(PROVIDED RECORDS)
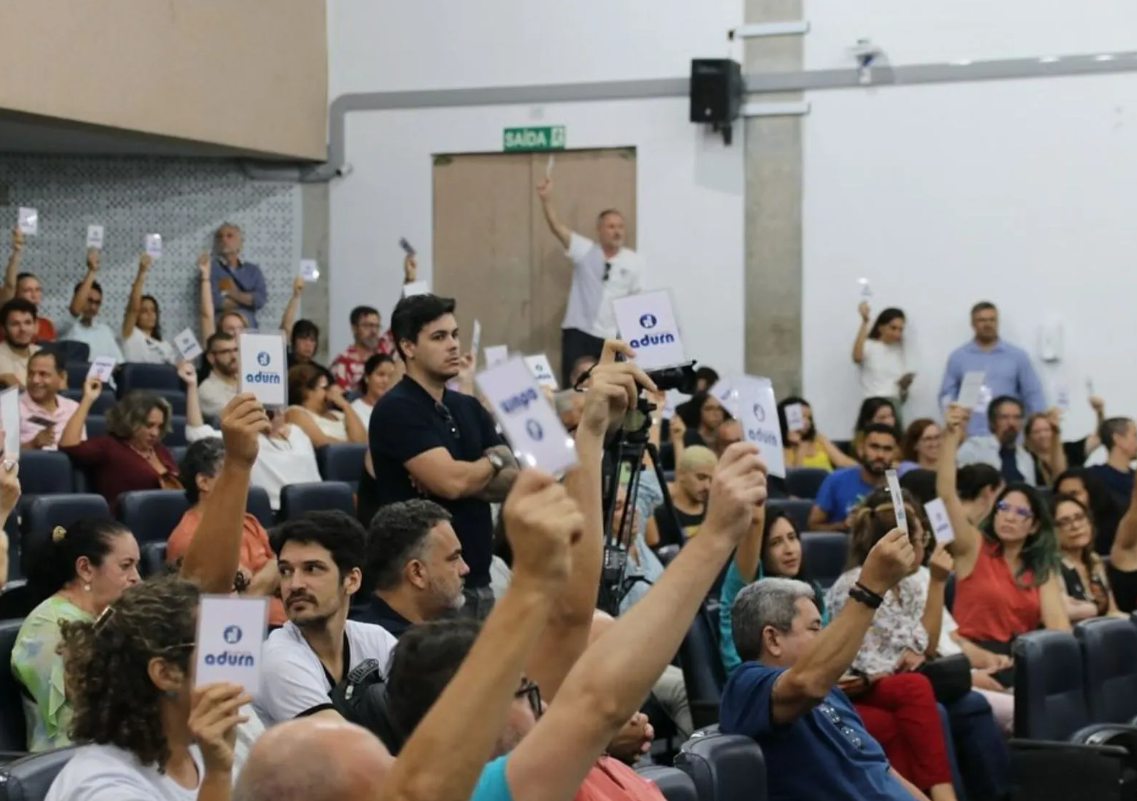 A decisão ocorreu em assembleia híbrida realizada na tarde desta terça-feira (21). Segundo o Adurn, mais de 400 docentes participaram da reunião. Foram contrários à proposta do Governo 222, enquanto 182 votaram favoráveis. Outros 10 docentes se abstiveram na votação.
(End PROVIDED RECORDS)
(PROVIDED RECORDS)
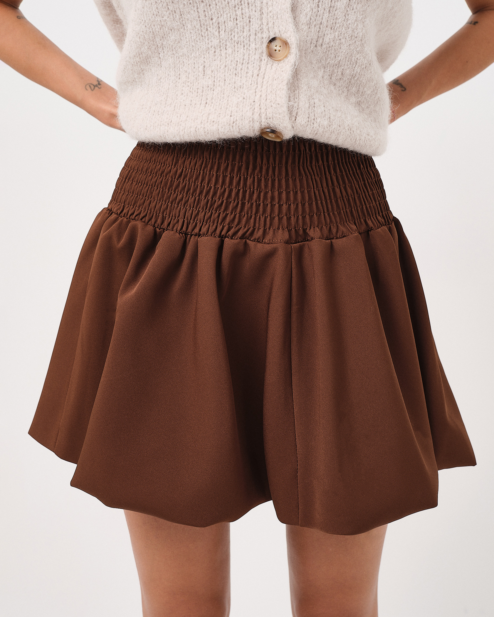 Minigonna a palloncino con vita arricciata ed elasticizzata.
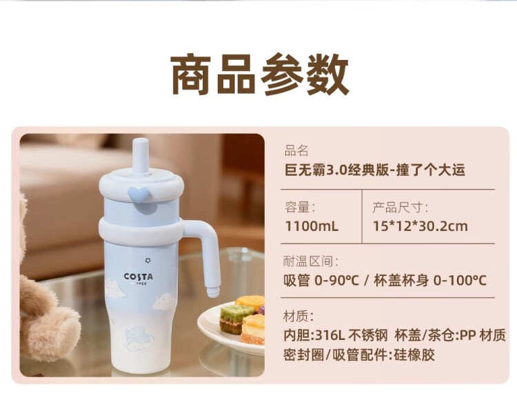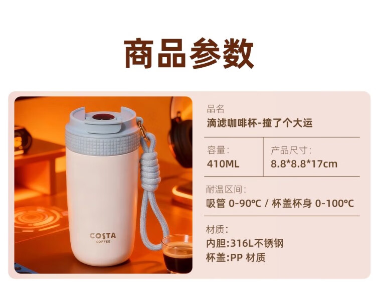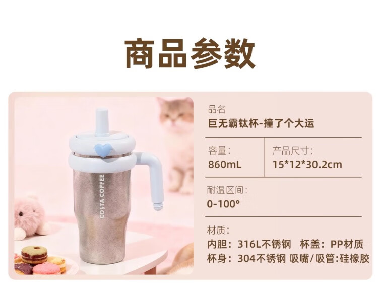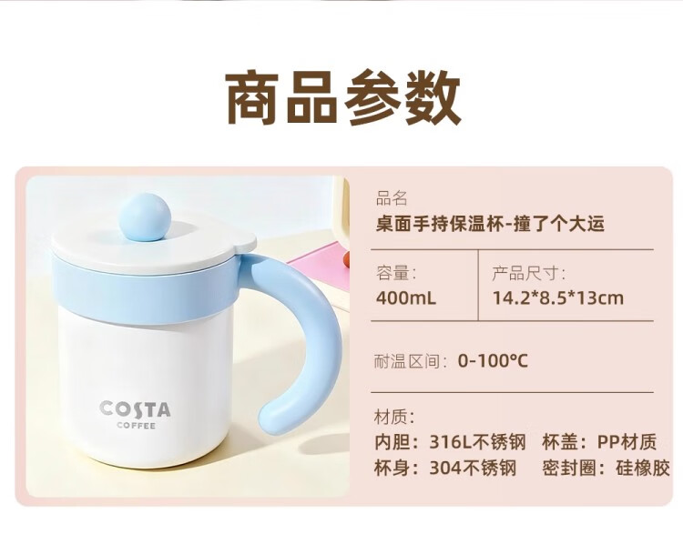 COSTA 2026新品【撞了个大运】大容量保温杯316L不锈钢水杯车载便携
(End PROVIDED RECORDS)
[EXERCISE PROMPT]:
Retype the lines above exactly as they appear, from the line containing "Minigonna a palloncino" through the line containing "COSTA 2026新品【撞了个大运】大容量保温杯316L不锈钢水杯车载便携", and leave out any pictures.

[REPLY]:
 Minigonna a palloncino con vita arricciata ed elasticizzata.
 COSTA 2026新品【撞了个大运】大容量保温杯316L不锈钢水杯车载便携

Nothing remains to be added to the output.